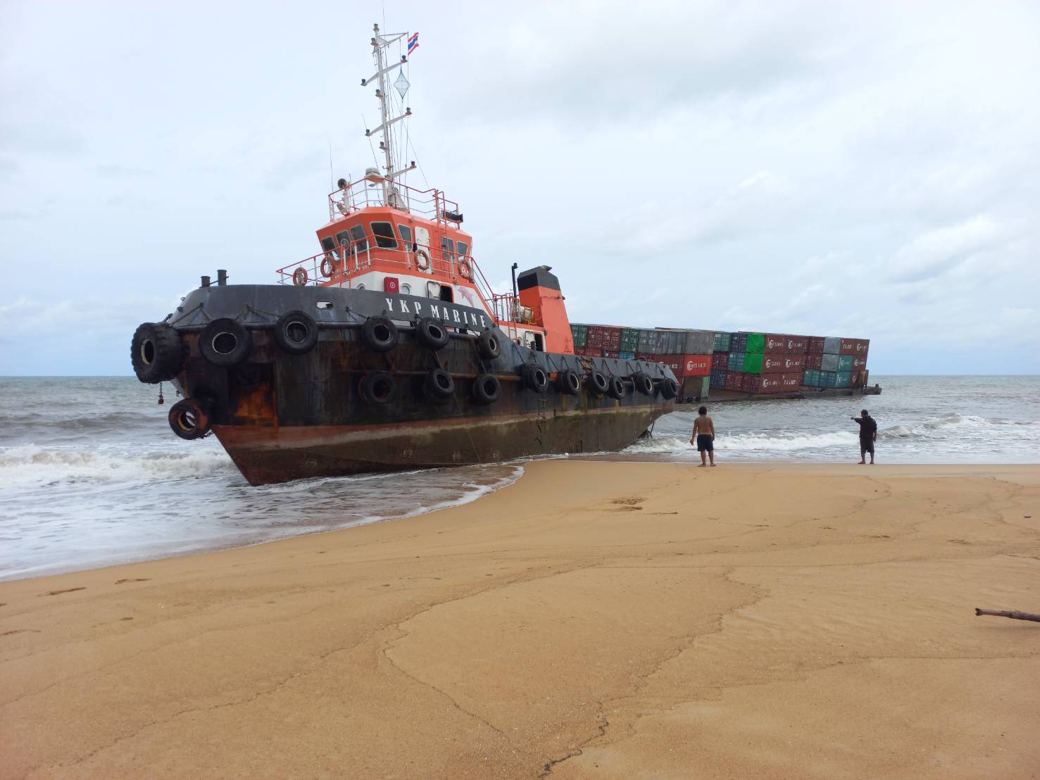 พังงา-คลื่นซัดเรือบรรทุกตู้คอนเทนเนอร์เกยตื่นฝั่งทิศตะวันตกของเกาะพระทอง พื้นที่ ต.เกาะพระทอง อ.คุระบุรี จ.พังงา เบื้องต...
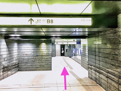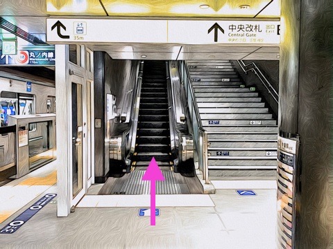 3号車1番扉(先頭から5両目)付近のエスカレーターで改札階へ
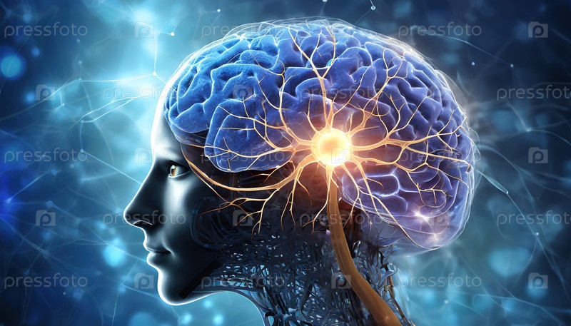 Цифровая иллюстрация человеческого мозга, освещенного нейронными соединениями и световыми импульсами в футуристическом стиле
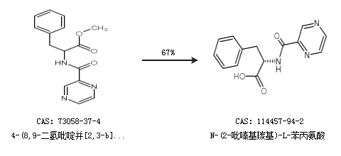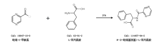 1.通过吡嗪-2-甲酰氯和L-苯丙氨酸合成N-(2-吡嗪基羰基)-L-苯丙氨酸,收率约37%;
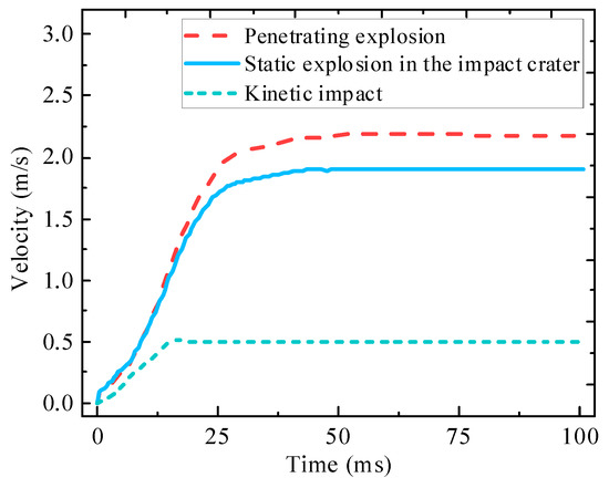 The results in Section 3.1 show that approximately 48.7% of the impactor momentum can be transferred to the asteroid, giving the asteroid a velocity change of approximately 0.24 m/s. Adding the velocity change of 1.9 m/s from the static explosion in the impact crater, the velocity change of the asteroid with a penetrating explosion is 2.14 m/s, which is marginally (2%) different from the numerical simulation results of this study. Therefore, accurate calculation results can be obtained by decoupling the penetrating explosion condition into two processes: kinetic impact and static explosion at the impact crater. In addition, the simulation result was less affected by the uncoupling of the explosion products with particles generated before NED initiation.
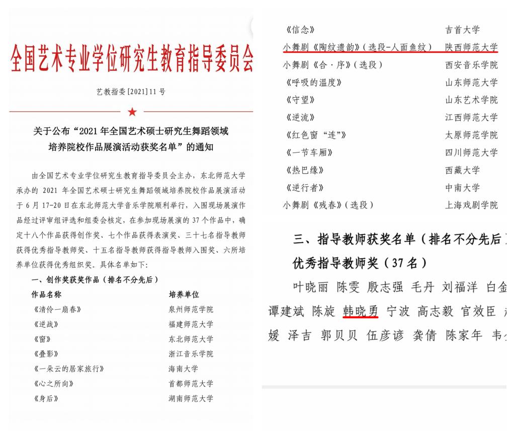 近日,我院艺术硕士研究生原创小舞剧《陶纹遗韵》(选段-人面鱼纹)在全国作品展演中荣获“创作奖”,指导教师、副院长韩晓勇副教授荣获“优秀指导教师奖”。本次艺术硕士作品展演活动由全国艺术专业学位研究生教育指导委员会主办、东北师范大学承办。

====

• [TASK DESCRIPTION] Write out, exactly, the lines of the material from the very first through the line containing "1.通过吡嗪-2-甲酰氯和L", and leave out every picture.

• [COMPLETED EXERCISE]
 พังงา-คลื่นซัดเรือบรรทุกตู้คอนเทนเนอร์เกยตื่นฝั่งทิศตะวันตกของเกาะพระทอง พื้นที่ ต.เกาะพระทอง อ.คุระบุรี จ.พังงา เบื้องต...
 3号車1番扉(先頭から5両目)付近のエスカレーターで改札階へ
 Цифровая иллюстрация человеческого мозга, освещенного нейронными соединениями и световыми импульсами в футуристическом стиле
 1.通过吡嗪-2-甲酰氯和L-苯丙氨酸合成N-(2-吡嗪基羰基)-L-苯丙氨酸,收率约37%;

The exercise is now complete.